What the exercise asks: Would you repeat word for word the lines of the listing that follows, from the one with "GEOGRAPHİE : Cours" up to and including the one with "Go to Setting", and leave out the images?

Records for this task:
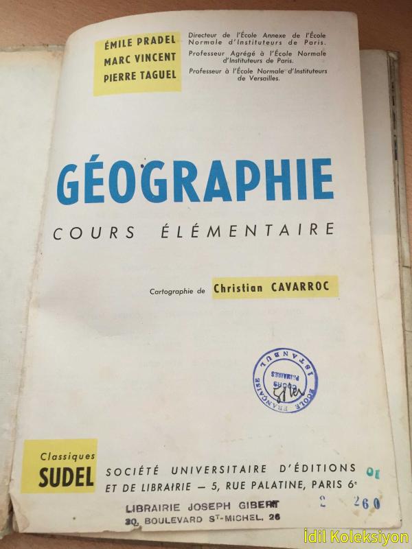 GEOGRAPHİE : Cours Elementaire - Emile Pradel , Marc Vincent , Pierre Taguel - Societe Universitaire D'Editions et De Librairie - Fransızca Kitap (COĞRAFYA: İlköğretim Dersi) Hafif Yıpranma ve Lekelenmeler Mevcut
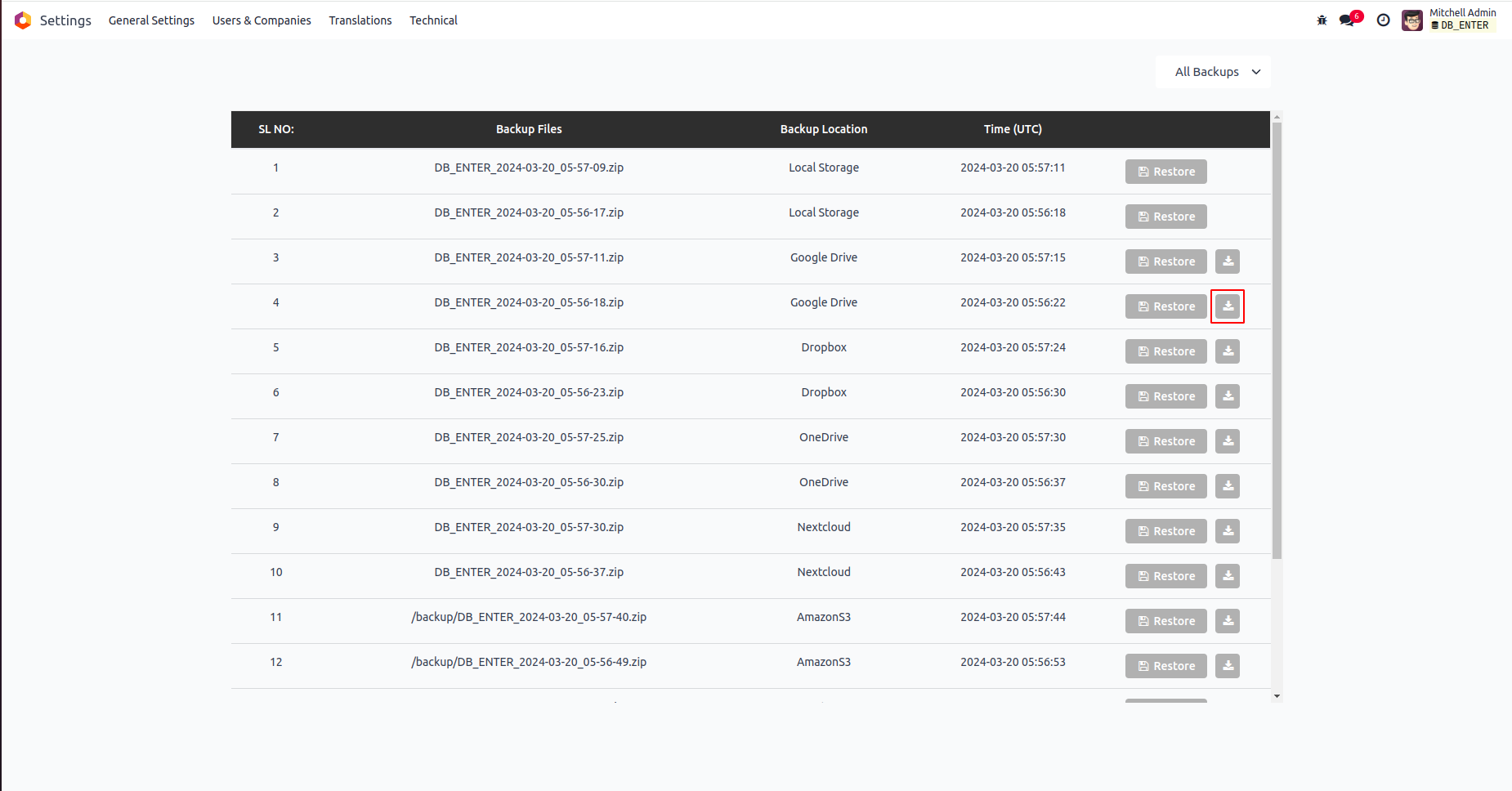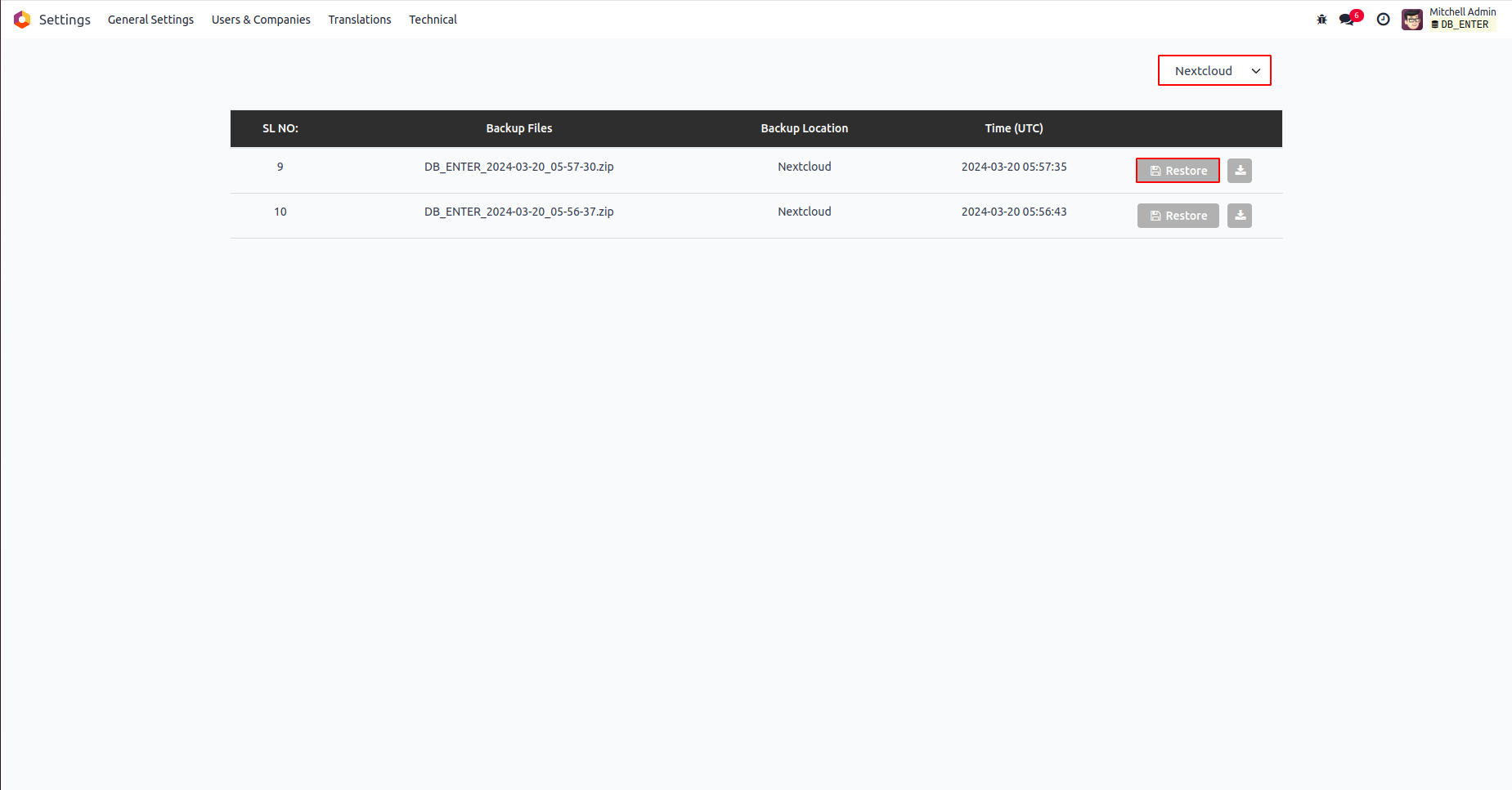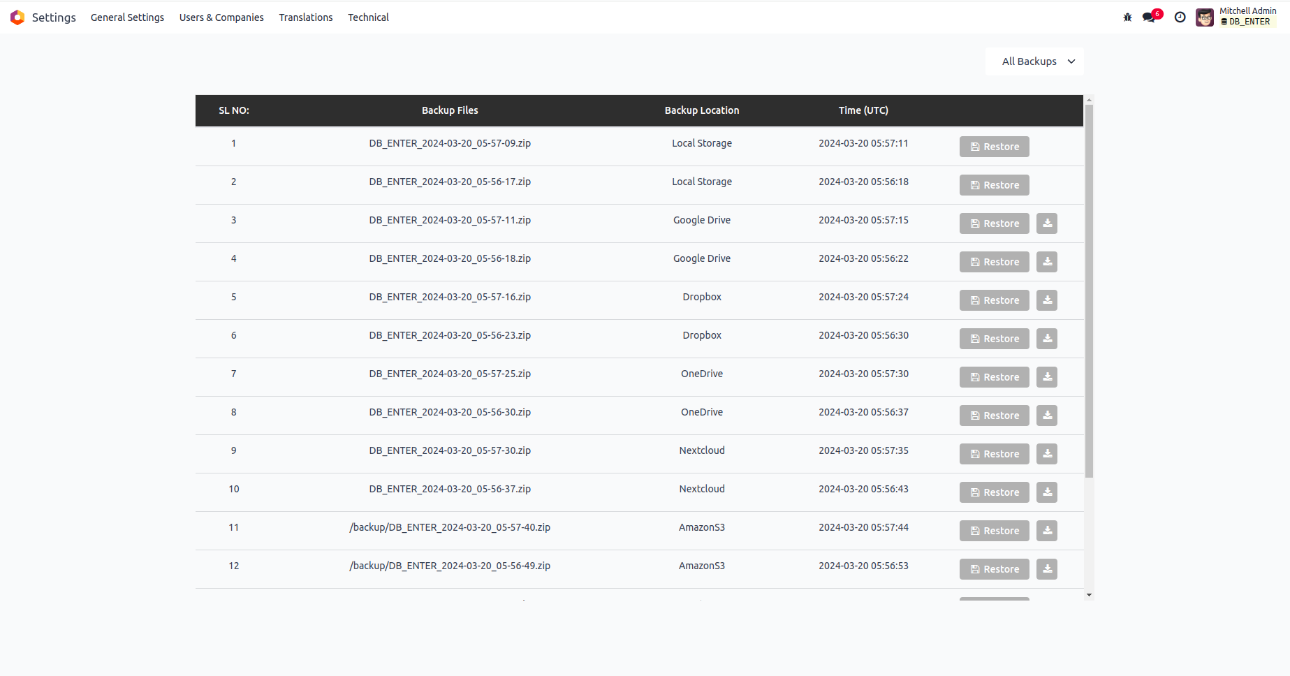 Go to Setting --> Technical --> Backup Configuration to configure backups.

* * *

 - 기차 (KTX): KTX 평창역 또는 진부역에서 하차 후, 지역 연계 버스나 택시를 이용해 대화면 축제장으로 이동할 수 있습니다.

Task solution:
 GEOGRAPHİE : Cours Elementaire - Emile Pradel , Marc Vincent , Pierre Taguel - Societe Universitaire D'Editions et De Librairie - Fransızca Kitap (COĞRAFYA: İlköğretim Dersi) Hafif Yıpranma ve Lekelenmeler Mevcut
 Go to Setting --> Technical --> Backup Configuration to configure backups.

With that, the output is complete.